Старик вновь вздохнул, перебирая чёрными от постоянной работы с растениями пальцами мешочки с травами, а на подслеповатых глазах заблестела влага. Лучина оттеняла все рытвинки и глубокие морщины на старом измученном лице, будто кора столетнего дуба, а не кожа. А через мгновение лицо светлой грустью засветилось от воспоминаний, которые перенесли его в далекое прошлое, где он совсем еще малышом беззаботно жил с родителями.

Пятьдесят лет назад. Кривые Сучьи.

На завалинке сидел мужик в коротком кафтане и вырезал маленьким кривым ножом деревянную подделку, сдунув стружку, пристально посмотрел на получившийся результат. Довольно крякнув, отложил инструмент в сторону, а сам вытянул затекшие от неудобной позы ноги, смешно подрыгивая сапогами. Подставив лицо под яркое весеннее солнце, с удовольствием зажмурился. Понежившись, вдруг встрепенулся. На лицо тут же налетели тени дел и забот.

— Еремей, етить тебя коромыслом, а-ну быстро домой! — ругался отец. — Забот невпроворот, а он лужи меряет ногами.

Затем в босоногого мальчишку, восьми лет от роду полетел ком земли, но скорее для острастки, а не дабы причинить вред.

— Да, батенька, — не глядя в лицо родичу, а рассматривая грязные ногти на ногах, кротко промолвил мальчуган.

— Наказы все выполнил? Скотине воды натаскал? Солому перевернул? Яму засыпал у курятника, что лисица из-за твоего недогляду подкопала? — перечислял задания, что раздал ещё утром родитель.

— Всё сделал. Только... яму не закопал. Лопату Сирка взял, чтобы червей набрать для рыбалки, а так и не вернул, — принялся оправдываться Еремей.
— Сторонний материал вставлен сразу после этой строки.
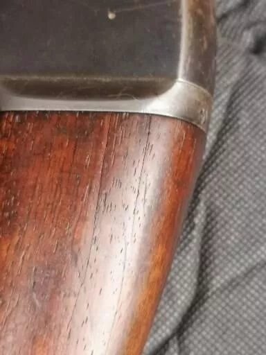 Remington model 14 1/2. WW1 issued. DCP stamped. 44-40. Shoots nicely. Action cleaned and freshly oiled. Small hairline cracks in stock and a clean glued chip repair, reduced to $955 from $1150.
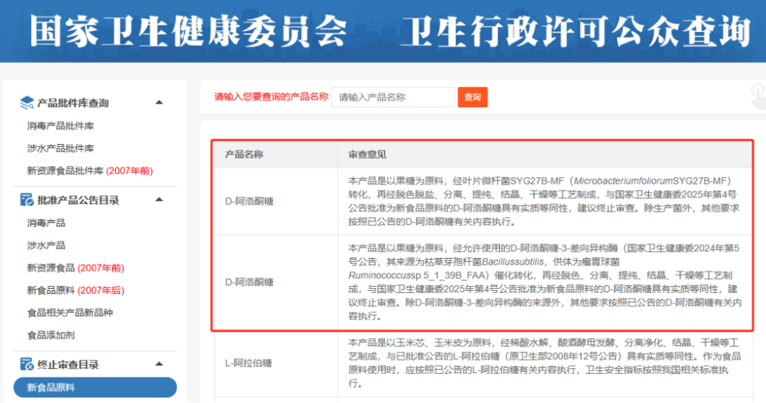 新增2种D-阿洛酮糖,与已获批新原料“实质等同”;虽生产工艺存在差异,但均与2025年第4号公告批准为新食品原料的D-阿洛酮糖具有“实质等同性”,所以顺利进入终止审查名单。

— Да что б тебя утопцы съели, — зло ляпнул мужик. — Один бестолковее другого. Со среднего хоть рыба сушится на зиму, а от тебя одни сопли. Тьфу, непутевый... Иди в хату, мамка звала кушать.

— А ты? — переспросил малец.

— А ты... — передразнивая сына, прогундосил отец. — Вместе пойдём. Ноги оботри, нечего грязь в хату тащить.

Не успели отец с сыном зайти в дом, как тут же с улицы подскочил взмыленный сосед в старом дырявом жупане, на плече острога. Тяжело дыша, облокотился на плетень.

— Беда, Ямроз! — сквозь хриплое дыхание начал свою речь гончар — Кузнеца волки подрали. Бери сынков, пошли стаю бить.

Отец отреагировал мгновенно, раздавая указания:

— Еремей, в хлеву топор и вилы возьми, я пожрать в дорогу харчей прихвачу. Быстрее, сучье племя!

Мальчишка рванул со всех ног, выполняя наказ отца. Споткнувшись об рябую курицу у самой двери, больно ударился плечом об косяк. Схватив вилы и топор, выбежал из хлева и пнул куру, что вновь кинулась под ноги.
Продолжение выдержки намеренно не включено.